— Это тот самый француз, который убил Сиснероса…
Этот? Молодой совсем… Я слышал, там вообще дьявольская ситуация была. Попасть в кромешной тьме в единственное незащищенное латами место мог только дьявол.
Или очень хороший стрелок. Сиснерос был неуязвим. Весь в доспехах, в шлеме, и только горло было незащищено. Но попасть ночью в горло… Этот француз воистину дьявол.
Арамис усмехнулся. Ему, который собирался посвятить свою жизнь служению Богу, было странно слышать такое сравнение. Впрочем, все идет к тому, что он уже совсем скоро предстанет перед Ним… Гонсалес сидел так же, как и в первый раз, спиной к двери. Арамис ошибся. Тот никуда не уехал.
Когда пленника ввели в кабинет, Гонсалес обернулся и жестом приказал конвойным выйти. Кроме него и Арамиса в кабинете остался еще один офицер — судя по всему, адъютант. Главнокомандующий испанцев какое-то время молча смотрел на Арамиса.
Как вас зовут? — Наконец, спросил он.
Это имеет значение?
— Вам не кажется, юноша, что вы не в той ситуации, когда разумно язвить? — Холодно поинтересовался Гонсалес.
Пленник молчал.
Вы дворянин? -Да.
Где вы научились так стрелять? Арамис молчал.
Гонсалес поднялся и подошел к нему. Долго смотрел прямо в глаза.
Вы ведь понимаете, что с вами будет дальше? — Да.
Только не говорите мне, что вам не хочется жить. Не поверю.
Хочется.
У вас есть шанс. Один шанс.
Не думаю.
Вы будете жить, если перейдете на мою сторону. Вы…

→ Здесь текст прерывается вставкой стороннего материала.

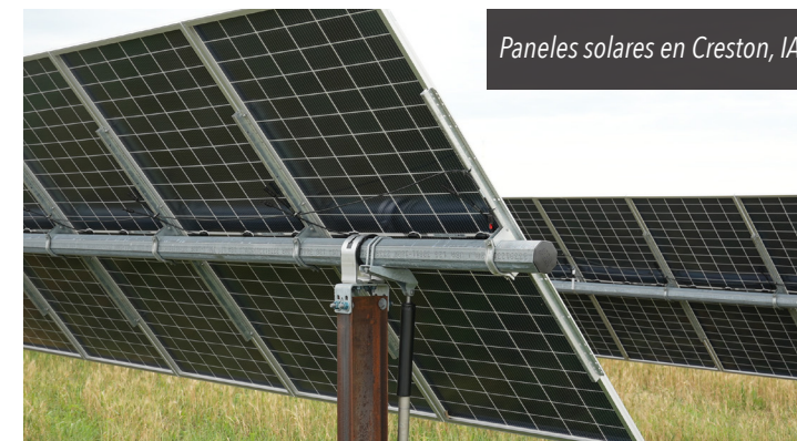
Paneles solares en Creston, IA.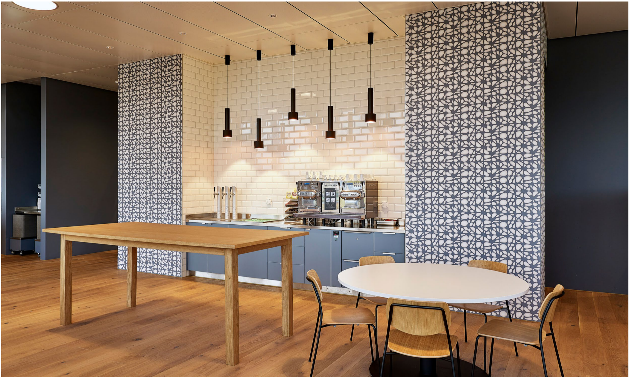
Innenarchitektur: Objekt 13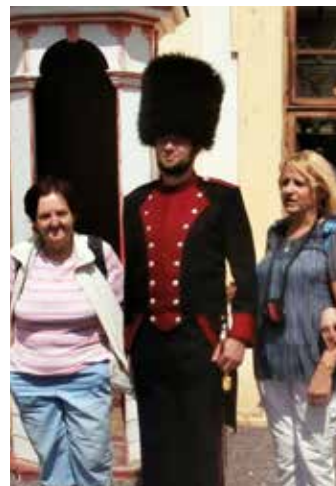
Už pouhé focení nových uniform vyvolalo před zámek velkou pozornost kolemjdoucích turistů, kteří si chtěli s gardou udělat společnou fotku. Právě tento cíl si nová atrakce radnice a skupiny historického šermu Biskupští manové klade.

Zajímavé uniformy se však staly středem zájmu turistů, o čemž svědčí řada fotografií z dob konce monarchie. Za finanční podpory města Kroměříže a pomoci Muzea Kroměřížska se podařilo skupině historického šermu Biskupští manové z Kroměříže zrekonstruovat vzhled gardy z přelomu 19. a 20. století, takže si budou moci návštěvníci našeho města během letních prázdnin opět pořídit atraktivní fotografii připomínající doby dávno minulé. Gardisté budou poprvé představeni na Středověkých slavnostech 7. června 2014, kde vystoupí také Sbor uniformovaných ostrořelců Kroměříž, se kterými gardisté spolupracovali i před 100 lety. Kroměříž tak získá další unikát, který nemá žádné jiné město – dvě dobové jednotky dokládající bohatou historii našeho města. (ep)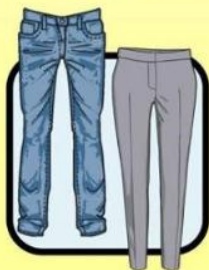
JEANS OR SLACKS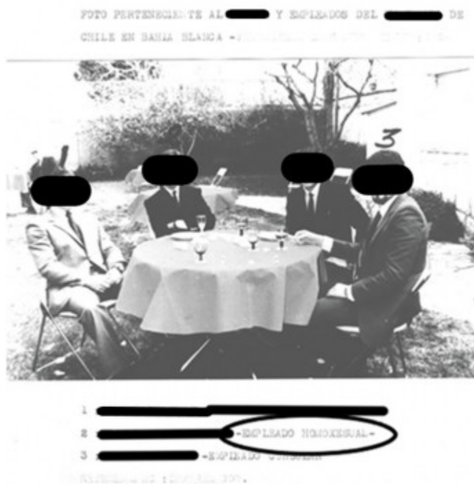
Imagen 3. CPM, Fondo Documental DIPPBA, Mesa Cicia., Legajo N° 22.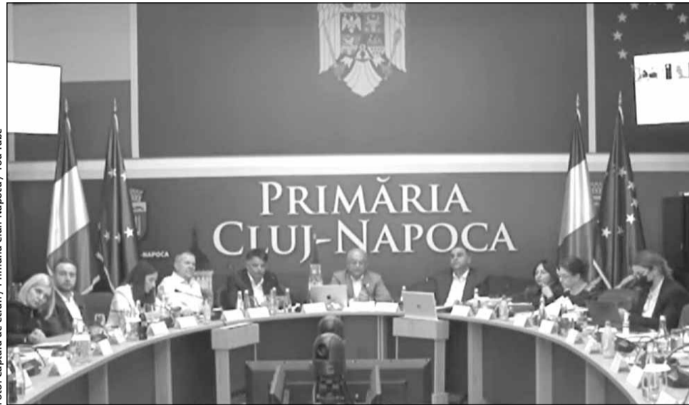
Ședința ordinara a Consiliului local al municipiului Cluj-Napoca din 27 martie 2025

Potrivit lui Emil Boc, faptul că 55% din banii bugetului local vin din alte surse surse decât cele bugetare locale arată faptul că municipalitatea clujeană își face treaba pentru menținerea direcției de dezvoltare a orașului.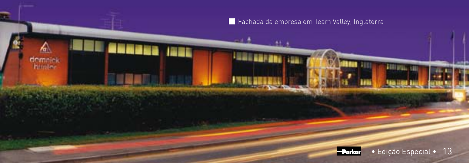
■ Fachada da empresa em Team Valley, Inglaterra

A excelência em tecnologia e exportação foi reconhecida por oito vezes com o Queen's Awards para a indústria. Em 1987, a Domnick Hunter tornou-se a primeira empresa britânica de filtros a conseguir o registro ISO 9001. O grupo tem subsidiárias e associações em 25 países, 10 plantas com mais de 60.000m 2 de área de produção, laboratórios e escritórios. Os muitos grupos de operação estão divididos em duas áreas de negócios: Operações Industriais e Operações de Processo.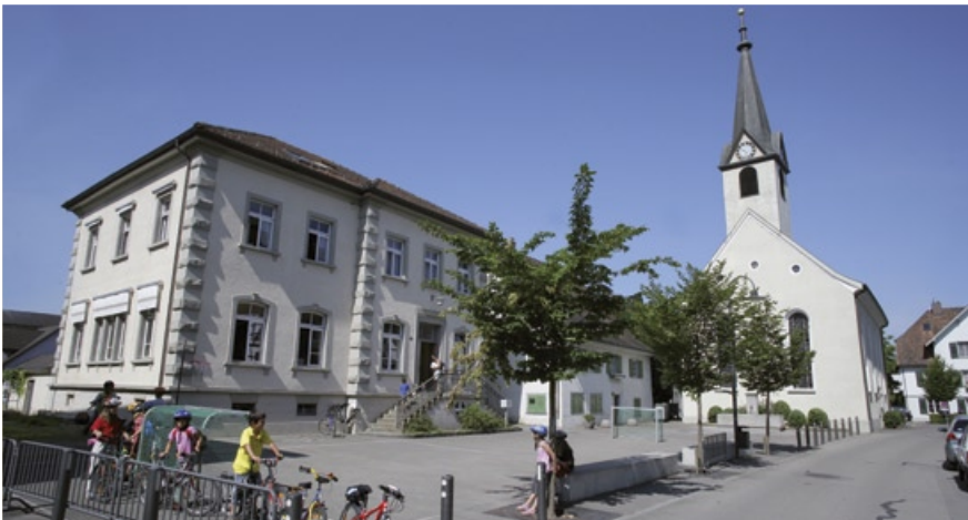
GESAMTSCHULE / REF. PFARRKIRCHE KIRCHSTRASSE 7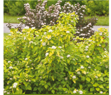
Physocarpus opulifolius 'Bert Dart's G' PP#26246 CBRAF

Para ver preguntas e instrucciones de cuidado completas, visita ProvenWinners.com/ShrubCare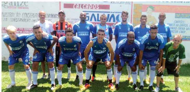
Os integrantes da RJ: classificados ao golear o time de Copacabana

Neste domingo, 6/12, enfrentam-se, a partir das 9h, Pacheco x Amigos da Base e América x RJ Empreiteira. Em 13/12, os confrontos serão estes: Vila Oliveira x São Pedro e São Lourenço x Copacabana.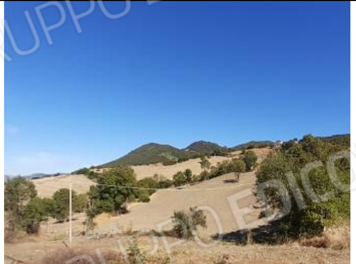
Terreno al foglio n° 32 particella n° 106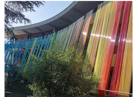
AET : installation finale.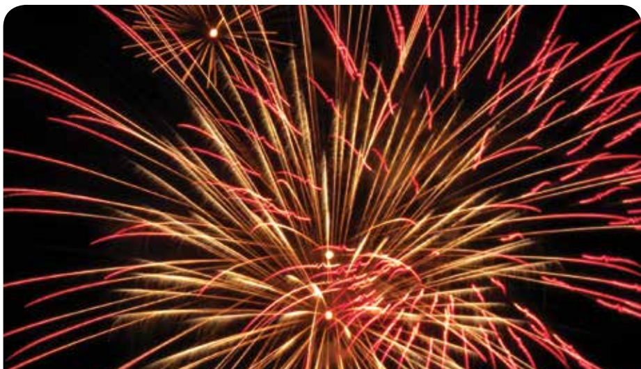
Fajerwerki rozświetliły niebo

Sołtys wsi Chotomów – Artur Oleksiak serdecznie dziękuje sponsorom, wszystkim zaangażowanym w organizację Sylwestra oraz właścicielowi działki, na której bezpiecznie odpalano sztuczne ognie.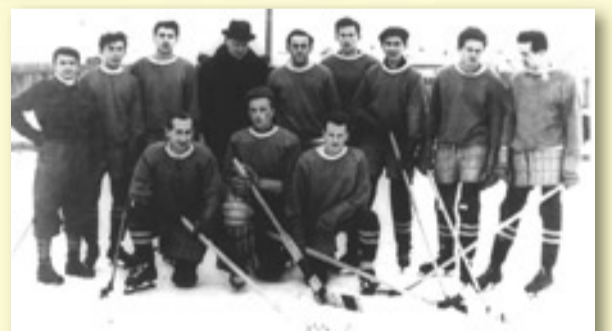
JEŠTĚ STÁLE NA STARÉM HRŠTI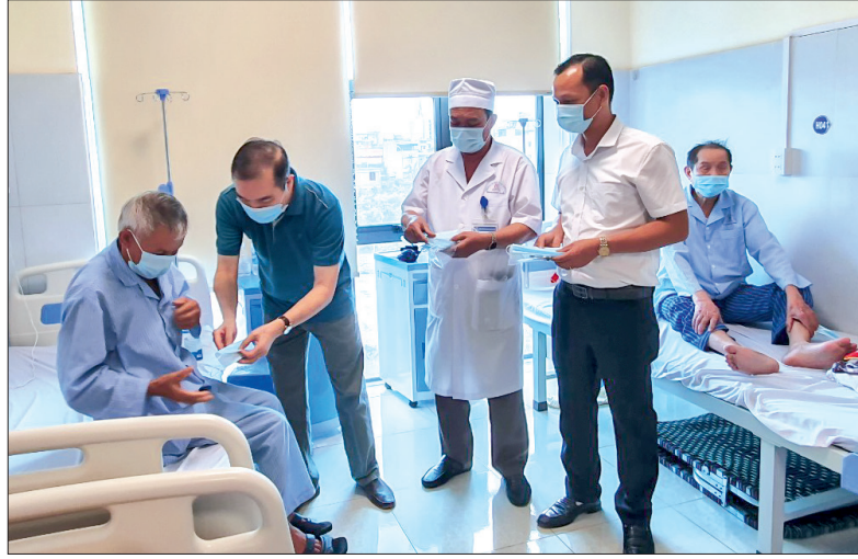
Đại diện Công ty Cổ phần Sản xuất thương mại A1 Á Châu và Công ty Cổ phần Bệnh viện Phước Hải Thái Bình trao khẩu trang kháng khuẩn cho bệnh nhân tại bệnh viện.

Bố trí nhân lực tham gia kiểm soát y tế, ngoài lực lượng công an, quân sự và nhân lực của các huyện, Sở Y tế đã huy động 30 sinh viên Trường Cao đẳng Y tế Thái Bình tham gia hỗ trợ, làm nhiệm vụ đo thân nhiệt, hướng dẫn khai báo y tế. Đây là những sinh viên năm thứ 2, thứ 3 ở các khoa: xét nghiệm, điều dưỡng... Hiện tại, 12 sinh viên đang làm nhiệm vụ đo thân nhiệt, hướng dẫn khai báo y tế tại chốt cầu Triều Dương, cầu La Tiến; 15 sinh viên tại chốt cầu Hiệp và 3 sinh viên dự phòng, sẵn sàng thực hiện nhiệm vụ khi có yêu cầu.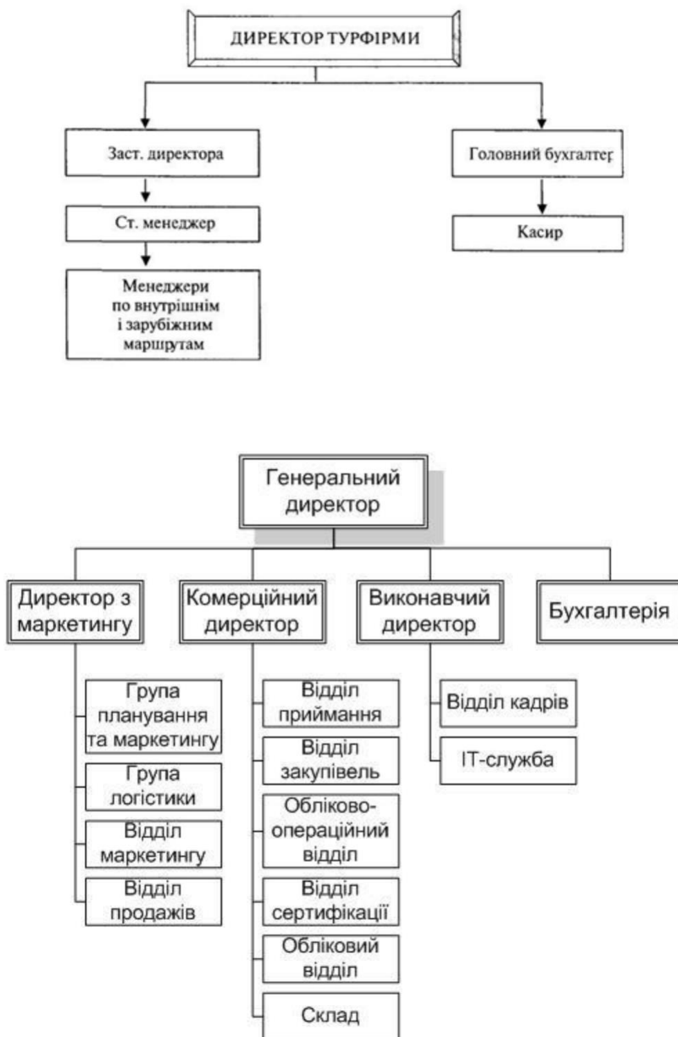
Рисунок 2.1 – Організаційна структура управління підприємством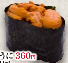
うに 360円 Uni Sea Urchin 海胆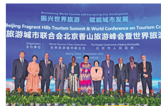
2021世界旅游城市联合会北京香山旅游峰会暨2021世界旅游合作与发展大会

Ваше предложение мне не подходит. — Прервал его Арамис.
Подумайте хорошенько.
Мне не надо думать.
Это ваше окончательное решение?
Да.
Гонсалес продолжал пристально смотреть на Арамиса, словно хотел проникнуть в его самые сокровенные мысли и чувства, которые тот испытывал сейчас. Но лицо мушкетера было спокойно и непроницаемо, ни один мускул не дрогнул. Гонсалес кивнул и вернулся за стол.
— Ну, что ж… Вы сами выбрали себе свою судьбу. Он повернулся к офицеру и махнул рукой.
Тот подошел к двери и открыл ее. Конвойные вошли в кабинет и остановились возле пленника в ожидании распоряжений.
— Выполняйте первый из приказов, озвученных ранее. Идите. — И Гонсалес вновь повернулся спиной к Арамису, давая понять, что разговор окончен.
Едва конвойные вывели пленника из кабинета, и офицер закрыл за ними дверь, как Гонсалес повернулся к нему.
— Простите, сеньор, но я не совсем понимаю…
— Вот поэтому-то, Мигель, главнокомандующий я, а не вы. Учитесь читать врага, чувствовать. Проигрывать каждый свой ход и предвидеть его.
Гонсалес встал и подошел к окну. Конвойные как раз вывели Арамиса из дома и повели в сторону небольшой деревенской церквушки.
— А я его даже уважаю… — тихо сказал Гонсалес. Офицер вопросительно посмотрел на своего командира. — Да, да, Мигель. Не люблю слабаков и трусов. А сильного врага даже уважаю. — Он отвернулся от окна и посмотрел на офицера. — Идите. И действуйте четко по приказу. Вы все помните?
Да, мой командир.
— Идите.
Атос стоял возле окна и смотрел на улицу. Он все же не терял надежды, что Арамис вернется. Конечно, шансов выйти живыми отсюда у них изначально было ничтожно мало, но умирать вместе как-то… не так страшно.
В этот момент он увидел, как конвойные вывели Арамиса с соседней улицы, но свернули не к дому, что служил им тюрьмой, а повели дальше по улице на окраину деревни к церкви. Атос не видел лица друга, видел только спину, но чувствовал, что тот спокоен. И что бы ни произошло в кабинете Гонсалеса — Атос был уверен, что Арамис был именно там — его друг остался верен мушкетерской чести и присяге.
Но зачем его повели к церкви? Может, их решили разделить? Чтобы сложнее было попытаться убежать. Атос напрягся. Ему не понравилось ощущение, которое нарастало в нем, заполняя все сознание.
Сколько времени стояла эта гнетущая тишина, он не знал. И тут со стороны церкви раздался грохот мушкетных выстрелов. Атос вздрогнул. Через несколько минут, показавшихся ему вечностью, на дороге показались конвойные, которые шли обратно от церкви… У них до сих пор еще дымились дула мушкетов…
Арамиса… с ними… не было…
Атос замер.
Нет. Нет! Нет! Нет!!!!!
Он с отчаянием и яростью ударил по стене руками, разодрав одну ладонь в кровь, но даже не заметив этого. Сердце бешено билось, в висках стучала кровь. Нет… Нет… Нет…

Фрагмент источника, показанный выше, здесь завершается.